Thursday, April 25, 2024

Nigerian women to benefit from AfDB’s $1.3 million research grant

The $1 million and $300,000 grants, respectively, will be given through the Africa Digital Financial Inclusion Facility.

• March 9, 2021
African Development Bank (AfDB) building
African Development Bank (AfDB) building (Credit: African Development Bank)

The African Development Bank has approved two grants for research to improve African women’s access to digital financial services such as loans and micro-insurance.

AfDB approved the grants on February 9. 

The $1 million and $300,000 grants, respectively, will be given through the Africa Digital Financial Inclusion Facility to two fintech firms, Pula Advisors Kenya Ltd. and M-KOPA Kenya Ltd.

Pula Advisors will use the $1 million to research social, cultural, and economic factors that impact women farmers’ access to microinsurance in Kenya, Nigeria, and Zambia. 

The research will form the basis for the creation and enforcement of gender-centric insurance products. 

The project is expected to be completed within three years.  

“This grant funding will be used to leverage technology to develop innovative and responsive loan and insurance products that can spur productivity and inclusion, especially for our women smallholder farmers and traders,” said Sheila Okiro, the bank’s Coordinator for ADFI.

In the three-year timeframe, the project is divided into three phases: product development, piloting, and scaling. 

The project expects to reach 360,000 farmers, of which 50 percent of them would be women, and improve farm yields by up to 30 percent. 

In turn, this is expected to increase incomes and national food security.

Kenyan firm M-KOPA will use the $300,000 grant funding for research involving 250 women and 250 men in Kenya’s Kisumu, Eldoret, and Machakos counties. 
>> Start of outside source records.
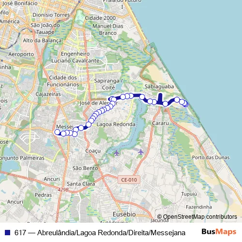 Click here to view the nearest 617 - Abreulândia/Lagoa Redonda/Direita/Messejana bus stop.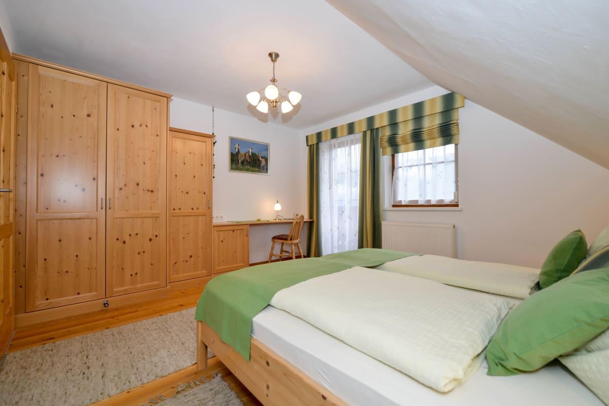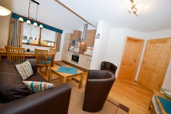 Die Ferienwohnung Dorfblick ist nach Westen ausgerichtet und besteht aus einem Doppelzimmer mit Balkon, einem weiteren Doppelzimmer mit Zustellbett für Kleinkinder, Wohnküche mit Küchenzeile, Esstisch, Couch und TV, einem WC und einem Duschbad mit Fenster. Außerdem gibt es eine Waschmaschine, Handtuchtrockner, Kosmetikspiegel und Föhn. Auf Wunsch steht WLAN zur Verfügung.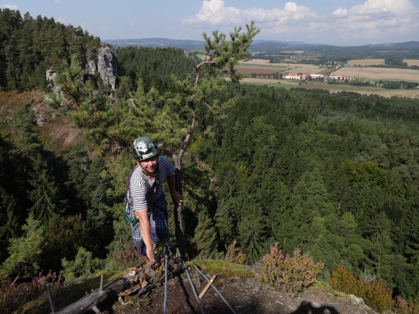 První zastávkou je věž poblíž Janovy vyhlídky, kde chci omrknout další Joskovu jeskyni; má to být ta, ze které skákal, když prchal před gestapem. Věž je ale rozložitá a jeskyně tu najdeme asi tři, takže si nejsme úplně jistí, která je ta pravá. Víťovi se mezitím zalíbí vysoká Údolní stěna (VI) s jedním kruhem, tak jdeme do ní. Cesta je dlouhá a až na křehčí části docela hezká a stojí za to minimálně kvůli výlezu na hranu "kulisy", kde se najednou ocitáte ve fantastické expozici. Při cvakání kruhu se Víťa ukáže být mistrem improvizace, když uprostřed stěny sestrojí šáhlo z expresky, šťáradla a koruny, Přemek Podlaha by měl radost. Další nová věž! Z vrcholovky zjišťujeme, že jsme tu letos teprve třetí, a to byla cesta ve Skalním muži a vedou sem hned dvě jedničky. Nahoře taky identifikujeme pravou jeskyni i s důvodem, proč jsem se sem sama bála. Naštěstí není doma, takže si ji shora pěkně v klidu prohlédneme. Je opravdu obrovská, z nepřístupné údolní strany otevřená, z druhé sem ústí jen úzké skalní okno. A ta hloubka dolů je tedy sakramentská.

According to a statement by AfDB, the company will look into the hurdles and difficulties women face in accessing digital financial services and literacy programs and creating a financial services app relevant to small-scale women traders based on its findings.

The facility was formally launched in June 2019 at the bank’s Annual Meetings in Malabo, Equatorial Guinea. 

Its partners include the French Development Agency, the French Treasury’s Ministry of Economy and Finance, Luxembourg’s Ministry of Finance, the Bill and Melinda Gates Foundation, and the AfDB.